Tomado parcialmente del artículo de Julián Casanova en infolibre.es
Quienes habían provocado la guerra, la habían ganado y gestionaron desde el nuevo Estado la victoria, asentaron la idea, imposible de contestar, de que los republicanos eran los responsables de todos los desastres y crímenes que habían ocurrido en España desde 1931. Proyectar la culpa exclusivamente sobre los republicanos vencidos liberaba a los vencedores de la más mínima sospecha. El supuesto sufrimiento colectivo dejaba paso al castigo de solo una parte. Francisco Franco lo recordaba a menudo con el lenguaje religioso que le sirvió en bandeja la Iglesia católica: “No es un capricho el sufrimiento de una nación en un punto de su historia; es el castigo espiritual, castigo que Dios impone a una vida torcida, a una historia no limpia”.

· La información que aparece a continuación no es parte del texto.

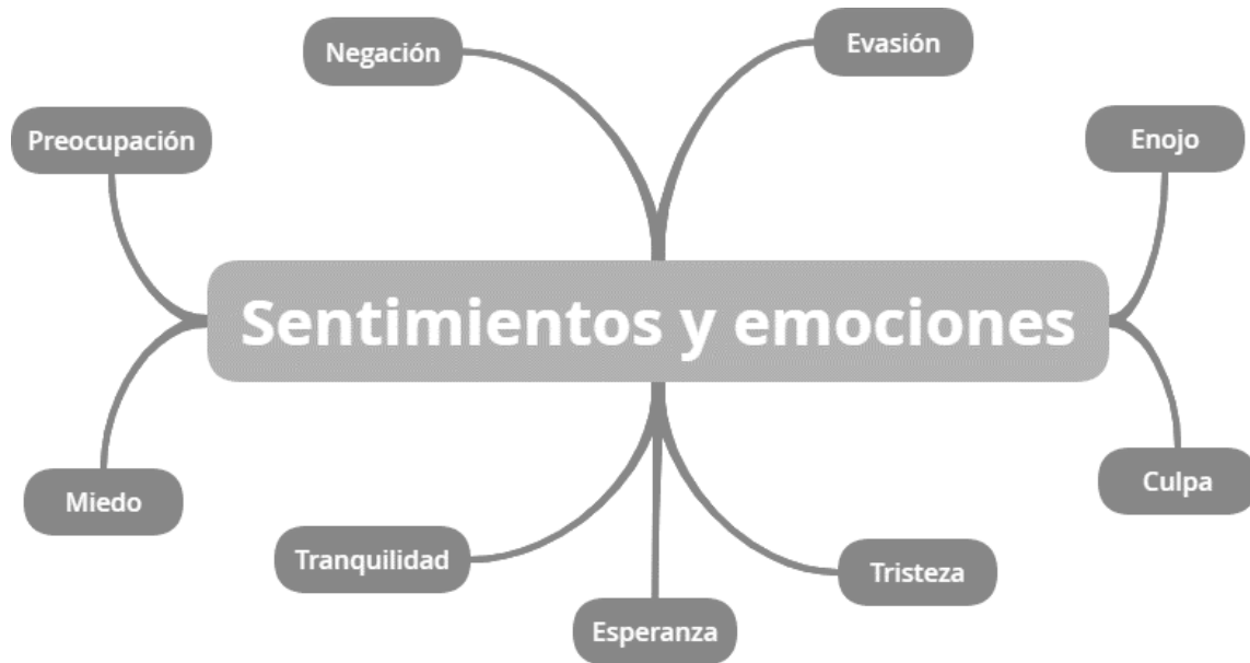
Figura 2. Sentimientos y emociones.

Luego de la aplicación y análisis de las lexias derivadas de las entrevistas a profundidad a los cuatro adultos jóvenes, se obtienen los siguientes resultados:

La guerra terminó el 1 de abril de 1939 con el triunfo total de las tropas “nacionales” de Franco. El mismo día de la “liberación” de la capital, Leopoldo Eijo y Garay, obispo de la diócesis de Madrid, publicó su pastoral “La hora presente”. La guerra había sido necesaria e inevitable porque “por los caminos ordinarios” España ya no podía salvarse y “la hora presente” era, ni más ni menos, en todo el mundo, pero “singularmente” en España, “la hora de la liquidación de cuentas de la humanidad con la filosofía política de la Revolución Francesa”.
Eran momentos de fiesta, tedéums, resurrección de España y de honra a los mártires de la Cruzada. Pocas horas después de anunciar que el Ejército rojo estaba cautivo y desarmado, el Generalísimo recibió un telegrama de Pío XII, el antes cardenal Eugenio Pacelli, que había sido elegido Papa el 2 de marzo de ese mismo año, tras la muerte de Pío XI el 10 de febrero. Tampoco faltó a la cita de felicitación el cardenal Isidro Gomá, quien desde Pamplona recordaba a Franco el 3 de abril “con qué interés me uní desde el comienzo a sus afanes; cómo colaboré con mis pobres fuerzas y dentro de mis atribuciones de Prelado de la Iglesia a la gran empresa”.
La gran empresa era la regeneración total de una nación nueva forjada en la lucha contra el mal, el sistema parlamentario, la República laica y el ateísmo revolucionario, todos los demonios enterrados por la victoria de las armas de Franco con la protección divina. Se trataba del logro de la confesionalidad católica del Estado, del “despotismo de militares y clérigos”, como lo llamaba Barcala, uno de los personajes de La velada de Benicarló de Manuel Azaña. Las ciudades y campos se llenaron de desfiles, manifestaciones de la victoria, regreso simbólico de las vírgenes a sus lugares sagrados, actos de desagravios y procesiones.